My agent mail now “clouded”

When migrating, it’s so easy to lose old stuff; be it moving houses, buying a new computer (or reinstalling the old) or upgrading the mailsystem to something new.

Sometimes this might be the purpose, getting rid of old junk and starting fresh on the new location.

I must admit that I am a collector; my c64 history, all the articles I ever wrote and ALL mails ever written.

For quite some time, but many years ago, did I use Forté Agent. It was brilliant as it could handle mail and Usenet news in one package. I was even a paying user for very long, provided points of view for the future development even if I now realise that there was a lot going on behind the scene with the program.

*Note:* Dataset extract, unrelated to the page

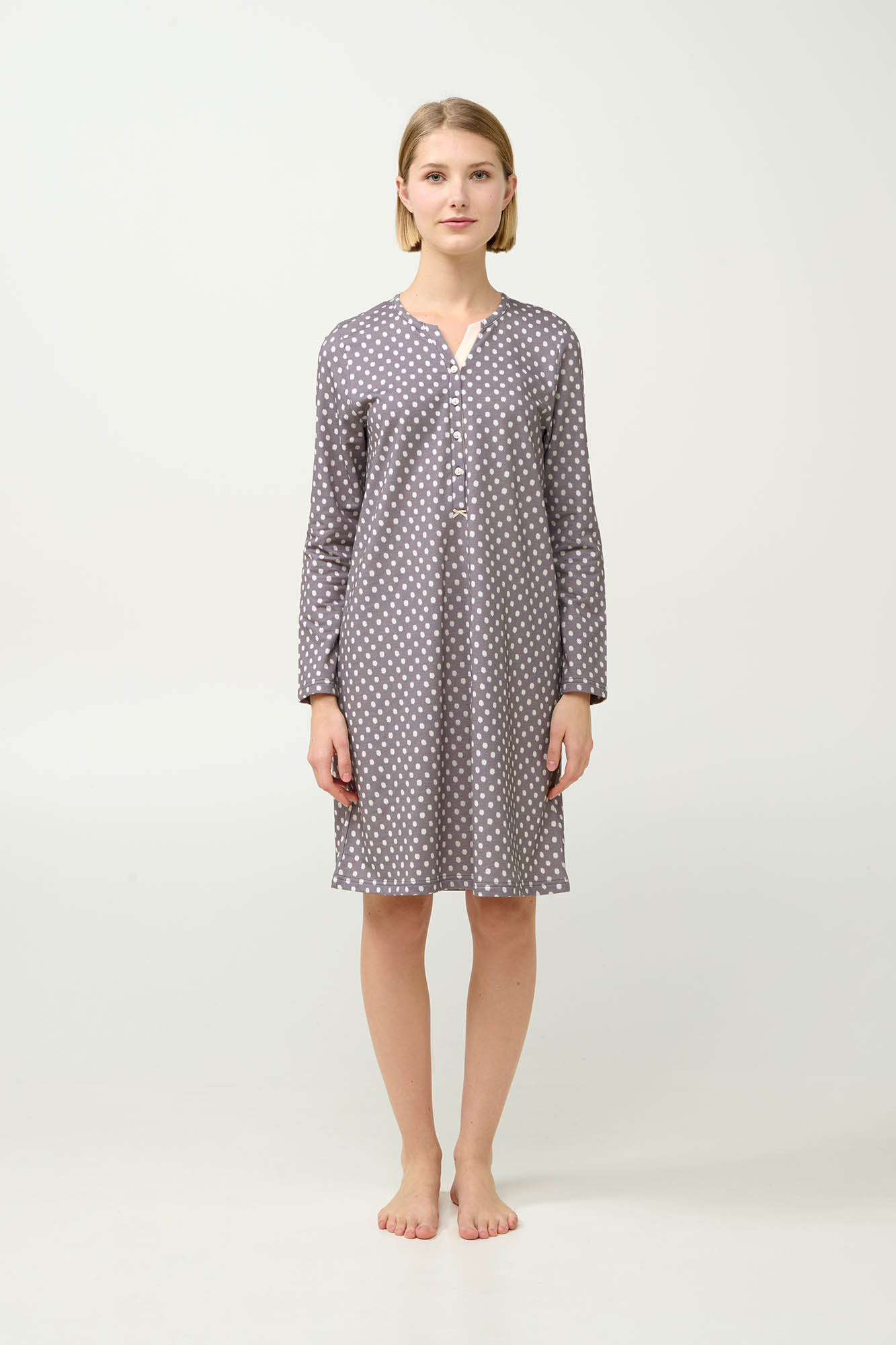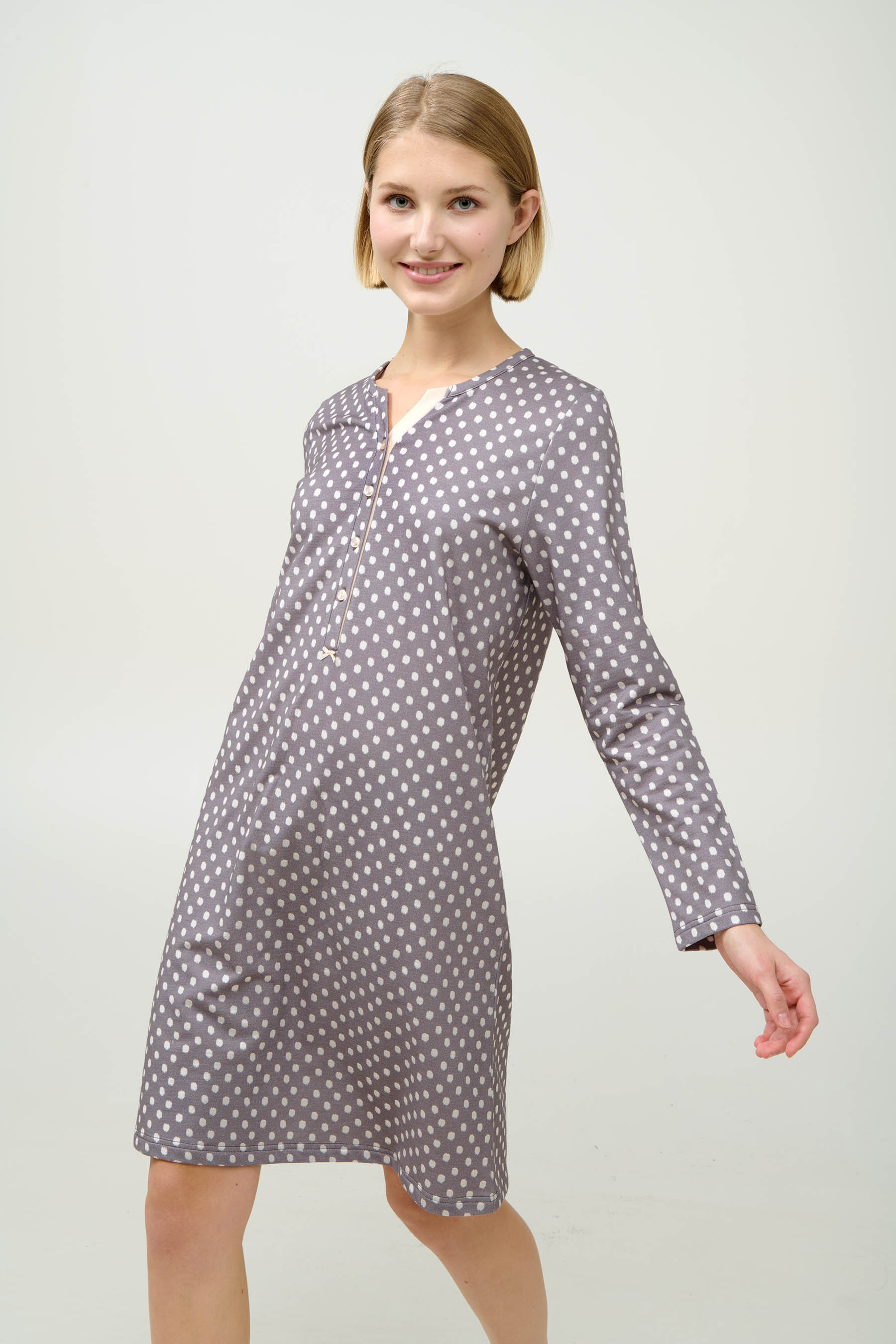 Προσθέστε απαλότητα στα βράδια σας με αυτό το γοητευτικό χειμερινό νυχτικό, φτιαγμένο από 100% βαμβάκι φούτερ που προσφέρει φυσική ζεστασιά και διαπνοή. Η πατιλέτα στο μπροστινό μέρος χαρίζει κλασική κομψότητα, ενώ το πουά μοτίβο ενισχύει τον διαχρονικό του χαρακτήρα. Ιδανικό να απολαύσετε ένα χαλαρό πρωινό ή ένα ήρεμο απόγευμα στον καναπέ μετά από μια μεγάλη ημέρα.

It was sold to Alcatel and then divested again from Alcatel (who naturally failed big doing anything relevant to the product!). Eventually Mozilla Thunder showed up – it was just as competent, and it was free. News was deleted from the offerings of my ISP and the other News servers that could be accessed for free were closed. With News not being accessible, migrating to Thunderbird I found that I had produced quite a lot that was now locked in, in the Agent proprietary storage format. BUMMER!

I have migrated the archive with every swap of computer since, both for me and my wife until today where the ultimate solution has been applied – it’s now being uploaded to GMail, so it’s not available and not bound to me remembering to migrate it every time. RELIEF!

So how did I do it?

1) First step – extract it from the Agent cage.

This is a tricky step. The only relevant solution is to extract it using the only relevant converter there is. Aid4Mail. This program converts also very large mail boxes between formats. I used Agent as source and Outlook PST as destination.

2) Second step – get it to GMail.

The trick here is to use Outlook as the vehicle that takes you there. Basically I followed this guide.

What you need to do is to

a) Enable IMAP in GMail. Under Settings, Forwarding and POP/IMAP there is an option to simply enable it. Save the setting and that piece is taken care of.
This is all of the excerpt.